▶ [What to produce] Skip the pictures and restate, word for word, the lines from the one containing "Associazioni e singoli" to the end of the data below.

▶ [Information provided]
*** Begin section ***
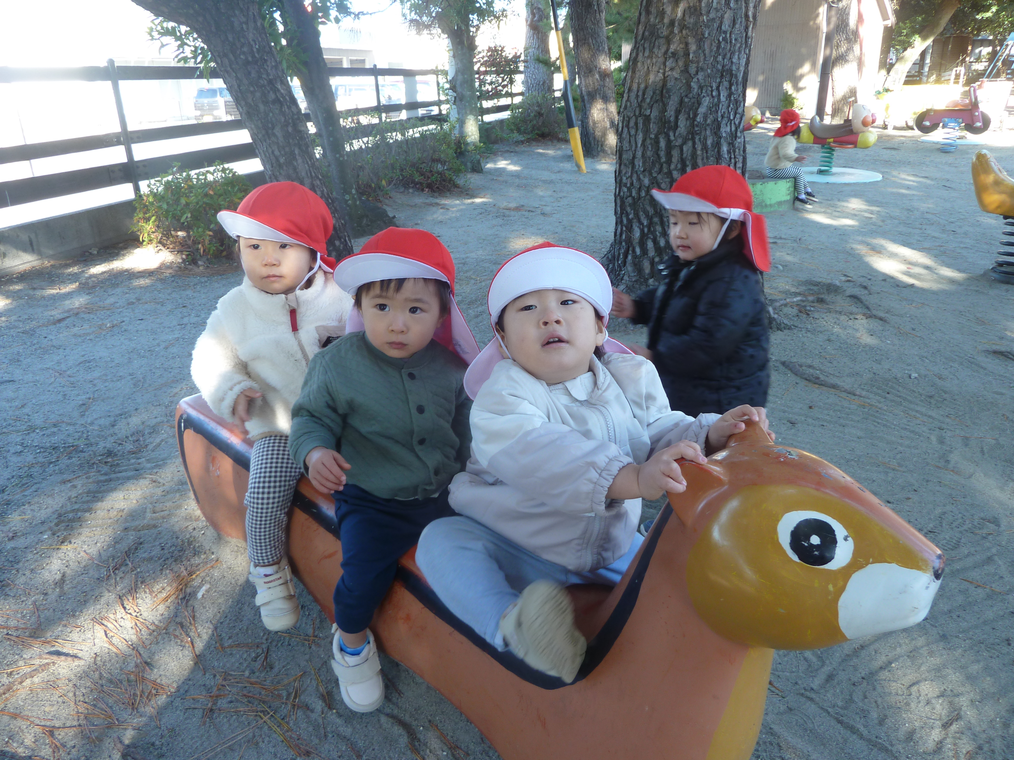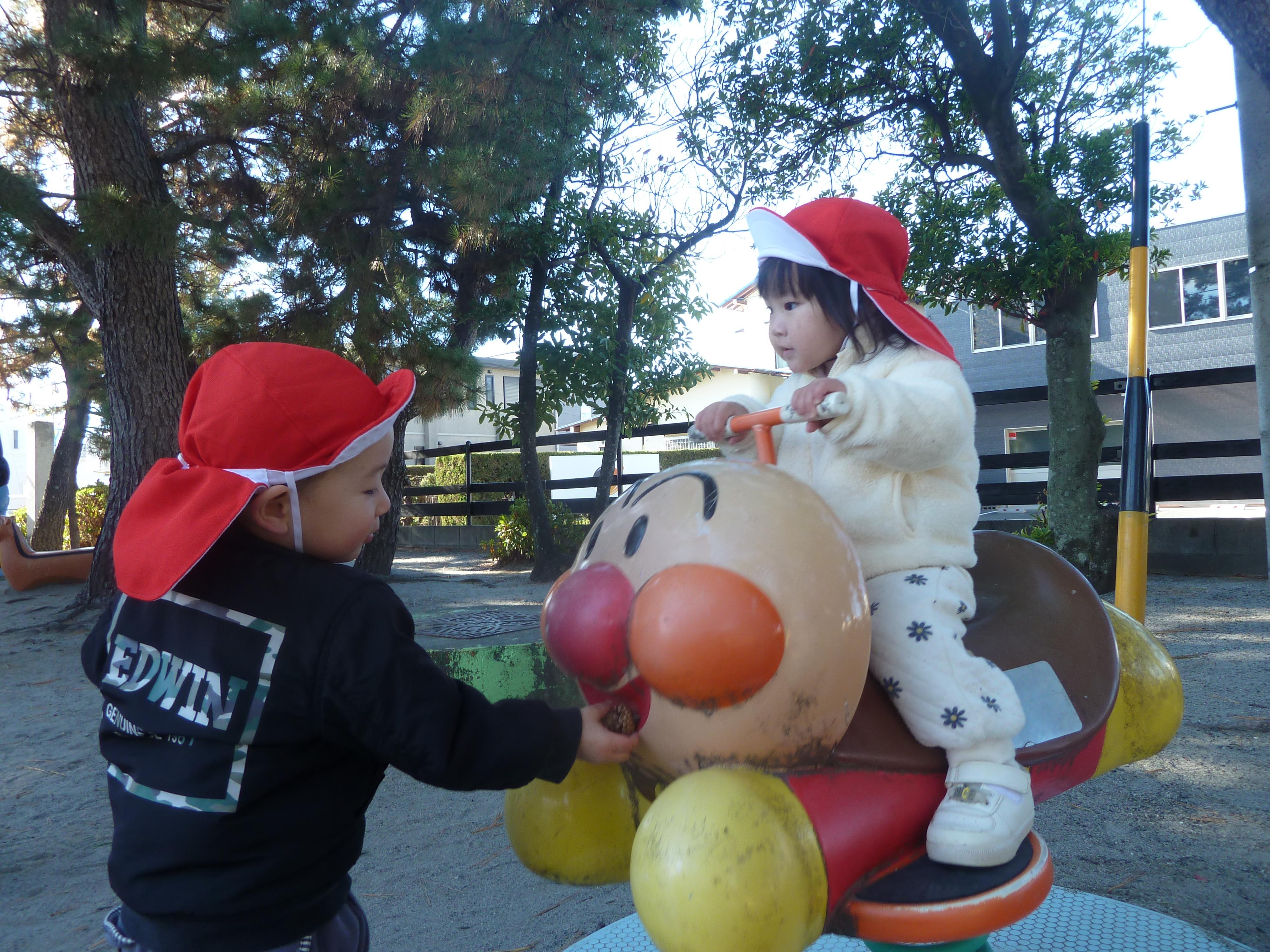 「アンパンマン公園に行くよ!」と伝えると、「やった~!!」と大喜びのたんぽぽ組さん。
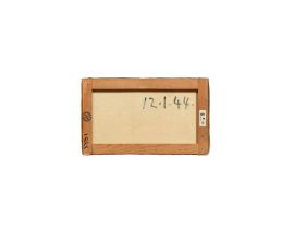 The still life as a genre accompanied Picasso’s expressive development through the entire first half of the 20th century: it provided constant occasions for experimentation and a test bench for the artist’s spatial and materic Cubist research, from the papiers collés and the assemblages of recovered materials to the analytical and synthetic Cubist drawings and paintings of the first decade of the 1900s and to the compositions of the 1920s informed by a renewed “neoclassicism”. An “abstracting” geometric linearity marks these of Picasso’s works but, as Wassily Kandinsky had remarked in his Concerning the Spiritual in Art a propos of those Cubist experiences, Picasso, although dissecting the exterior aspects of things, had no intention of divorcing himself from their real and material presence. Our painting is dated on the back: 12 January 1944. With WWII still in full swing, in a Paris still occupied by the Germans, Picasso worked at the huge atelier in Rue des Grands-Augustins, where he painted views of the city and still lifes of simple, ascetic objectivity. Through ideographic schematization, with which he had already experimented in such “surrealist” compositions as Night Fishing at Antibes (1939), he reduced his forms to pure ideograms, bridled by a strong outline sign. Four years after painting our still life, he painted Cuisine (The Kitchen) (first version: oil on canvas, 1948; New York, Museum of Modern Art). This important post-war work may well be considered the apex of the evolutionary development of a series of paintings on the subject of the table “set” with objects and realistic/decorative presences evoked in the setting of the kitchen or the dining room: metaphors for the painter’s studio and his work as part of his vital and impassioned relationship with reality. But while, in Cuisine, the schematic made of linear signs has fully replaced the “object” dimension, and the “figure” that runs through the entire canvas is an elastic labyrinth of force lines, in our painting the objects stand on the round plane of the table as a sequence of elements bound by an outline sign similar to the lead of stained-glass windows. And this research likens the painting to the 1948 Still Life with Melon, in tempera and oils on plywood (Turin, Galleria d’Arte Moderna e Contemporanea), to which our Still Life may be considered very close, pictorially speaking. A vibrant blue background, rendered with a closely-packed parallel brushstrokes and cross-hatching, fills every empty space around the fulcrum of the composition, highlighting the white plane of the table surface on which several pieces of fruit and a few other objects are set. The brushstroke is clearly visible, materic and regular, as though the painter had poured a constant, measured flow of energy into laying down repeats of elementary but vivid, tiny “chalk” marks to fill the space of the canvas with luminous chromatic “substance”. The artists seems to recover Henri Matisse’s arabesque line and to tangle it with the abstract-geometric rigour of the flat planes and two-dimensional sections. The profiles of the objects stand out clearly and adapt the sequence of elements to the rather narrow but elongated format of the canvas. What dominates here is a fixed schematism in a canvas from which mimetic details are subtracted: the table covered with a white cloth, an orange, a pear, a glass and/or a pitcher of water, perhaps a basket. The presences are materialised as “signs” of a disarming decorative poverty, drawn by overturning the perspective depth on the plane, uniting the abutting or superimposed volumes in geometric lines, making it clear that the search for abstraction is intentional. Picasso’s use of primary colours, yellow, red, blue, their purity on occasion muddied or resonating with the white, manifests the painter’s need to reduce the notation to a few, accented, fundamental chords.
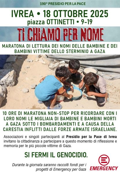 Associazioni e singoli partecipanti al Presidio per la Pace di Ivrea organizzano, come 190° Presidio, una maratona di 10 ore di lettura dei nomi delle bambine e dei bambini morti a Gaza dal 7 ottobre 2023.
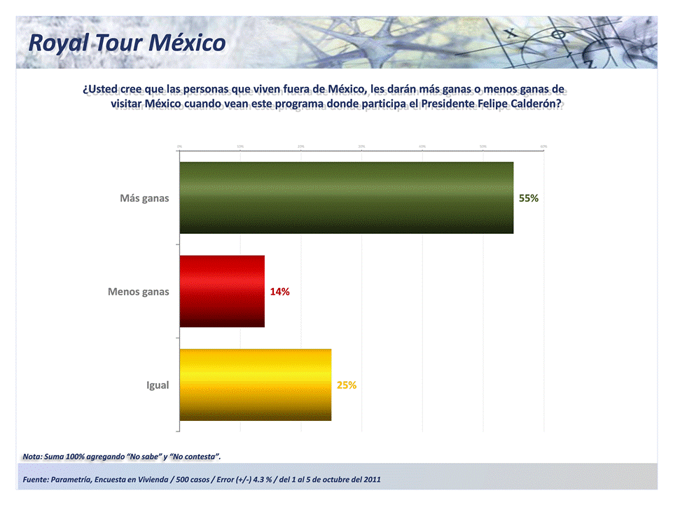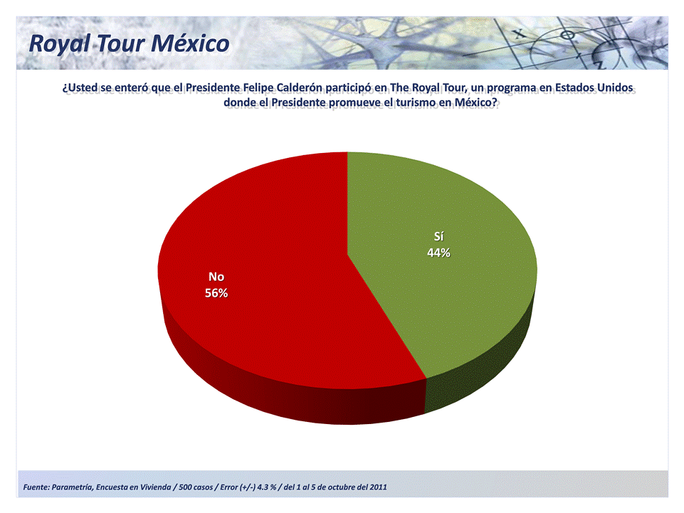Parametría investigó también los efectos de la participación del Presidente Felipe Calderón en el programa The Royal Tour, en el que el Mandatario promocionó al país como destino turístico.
*** End section ***
▶ [Expected answer]
 Associazioni e singoli partecipanti al Presidio per la Pace di Ivrea organizzano, come 190° Presidio, una maratona di 10 ore di lettura dei nomi delle bambine e dei bambini morti a Gaza dal 7 ottobre 2023.
Parametría investigó también los efectos de la participación del Presidente Felipe Calderón en el programa The Royal Tour, en el que el Mandatario promocionó al país como destino turístico.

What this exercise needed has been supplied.